Siempre creí que mi padre era una persona de malas pulgas con un corazón de oro, pero nunca había reparado que pudiese ser tan dulce. La dulzura la manifestaba en pequeños gestos que para un ojo poco aguzado pasaban inadvertidos. Le gustaba dar protección a las damas, especialmente si ellas no tenían quien las protegiera. Solía aconsejarlas sobre depósitos bancarios o invitarlas a tomar el té y luego acompañarlas a sus casas junto con mi madre. En momentos como esos bromeaba y su carácter se pulía, se transformaba en un perfecto caballero como los de antes, pero tuve que leer la agenda para darme cuenta.
Su apego a la planificación y sus aptitudes de contador eran cosa sabida, pero al leer sus notas y examinar sus cuentas, ordenadas mes a mes a partir de 1978 y almacenadas con prolijidad en el cajón, detecté que estaba ante palabras mayores. Muchas veces figuró en su diario que no cabía aceptar la invitación de alguno de sus hijos a su hogar porque había llegado muy encima y no como debía ser, con días de anticipación. Entonces me expliqué tantas onces, tantos almuerzos despreciados.
Víctor y yo, sus hijos, nos desvivimos por demostrarle con triunfos materiales lo bien que nos iba en la vida, pero eso, a juzgar por sus escritos, le importaba un rábano. Sin embargo ¡y con cuánta emoción! escribe que siendo las tres de la tarde del Día del Padre y no sabiendo nada de nosotros, de pronto abre la puerta y nos hace pasar. ‘‘Hola, muchacho’’ nos saludó esa vez a cada uno y volvió a su televisor, como dejando la casa entera para nosotros y mi madre.

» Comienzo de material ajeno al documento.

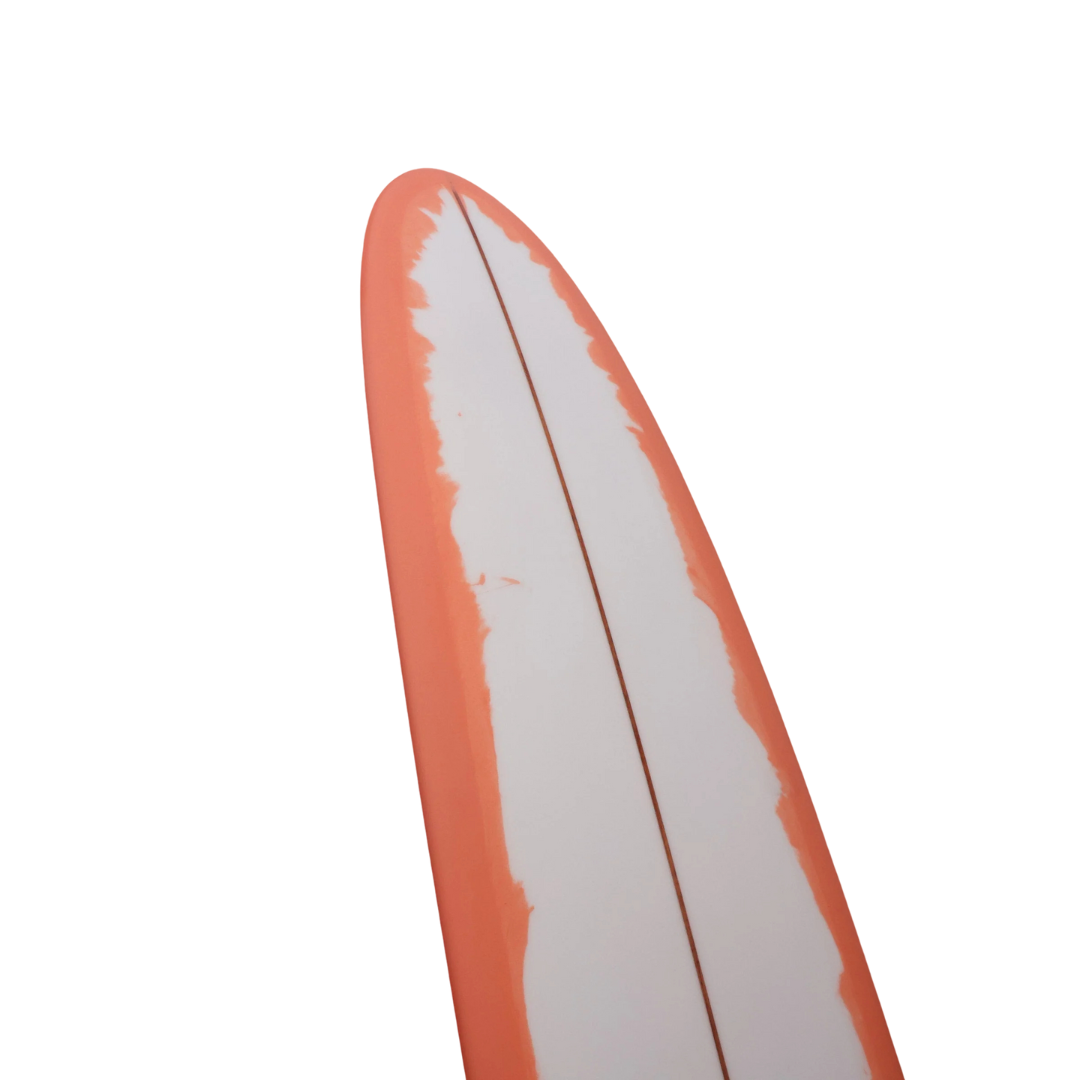 Introducing the Gato Heroi 8'0" Spacepig surfboard, a stunning blend of style and performance in vibrant coral pink. This mid-length design is crafted with a coral pink freelap deck and a clear bottom, enhanced by volan patches for durability and aesthetic appeal.
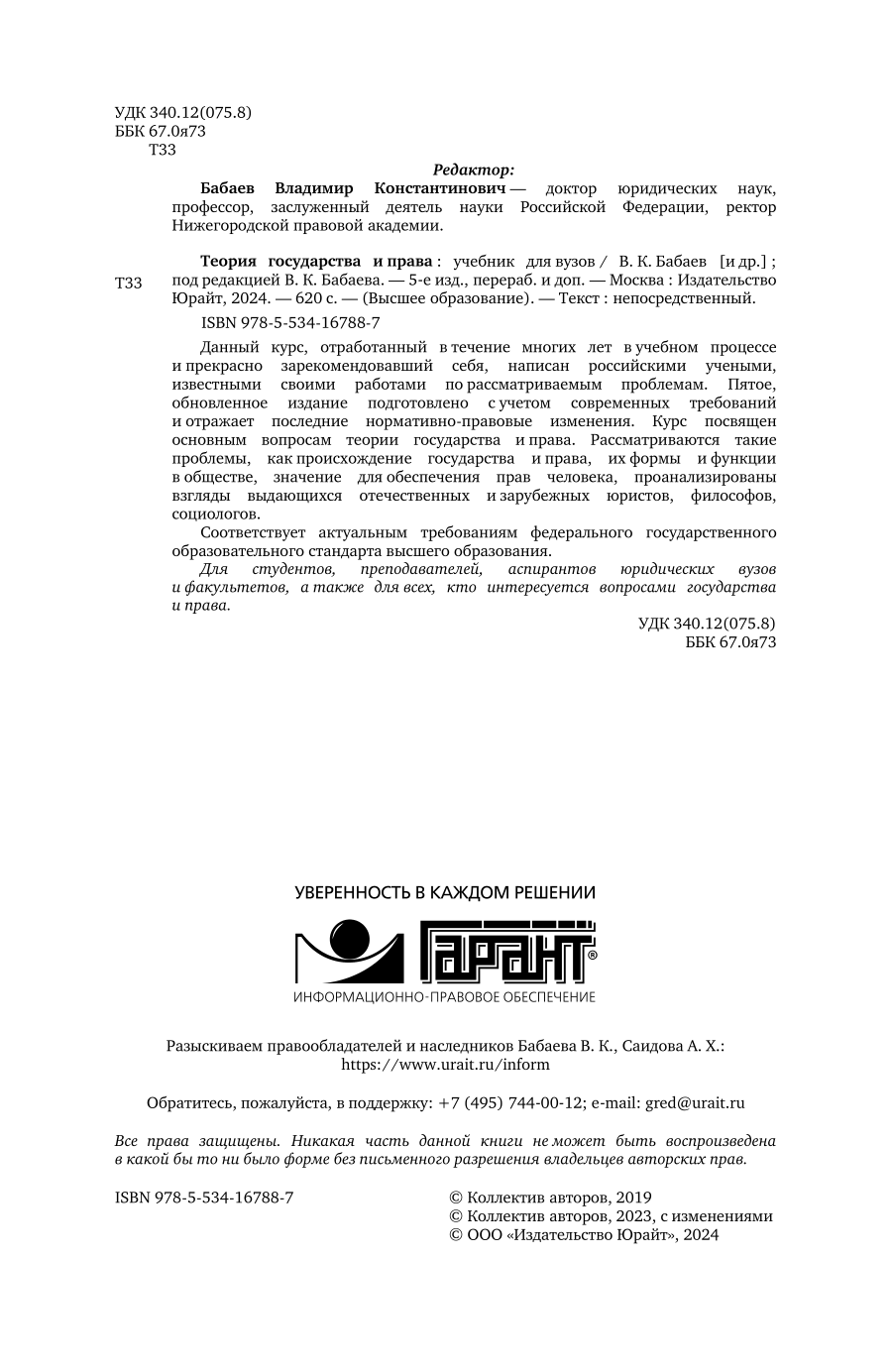 Данный курс, отработанный в течение многих лет в учебном процессе и прекрасно зарекомендовавший себя, написан российскими учеными, известными своими работами по рассматриваемым проблемам. Пятое, обновленное издание подготовлено с учетом современных требований и отражает последние нормативно-правовые изменения. Курс посвящен основным вопросам теории государства и права. Рассматриваются такие проблемы, как происхождение государства и права, их формы и функции в обществе, значение для обеспечения прав человека, проанализированы взгляды выдающихся отечественных и зарубежных юристов, философов, социологов. Соответствует актуальным требованиям федерального государственного образовательного стандарта высшего образования. Для студентов, преподавателей, аспирантов юридических вузов и факультетов, а также для всех, кто интересуется вопросами государства и права.

¿Sus últimos años? Regar el pasto, hacer la compra del mes, tomar el té con la Mirita, la Any o la Nidita, asear la casa, ir al centro a pagar las cuentas, ver el Tour de France por el cable, darse su sagrado baño mensual de tina con sal de mar, asomarse de vez en cuando a la ventana. Una rutina matemática que me estremeció y aún me tiene dando vueltas la cabeza, inepto ante ese mensaje que no logro descifrar.
Cruel ironía del destino. Él, tan pesimista y dado a los malos presagios, anotó el martes 13 de noviembre del año 2001: ‘‘Siento un dolor y una hinchazón en el estómago. Fuera de eso, ninguna novedad’’.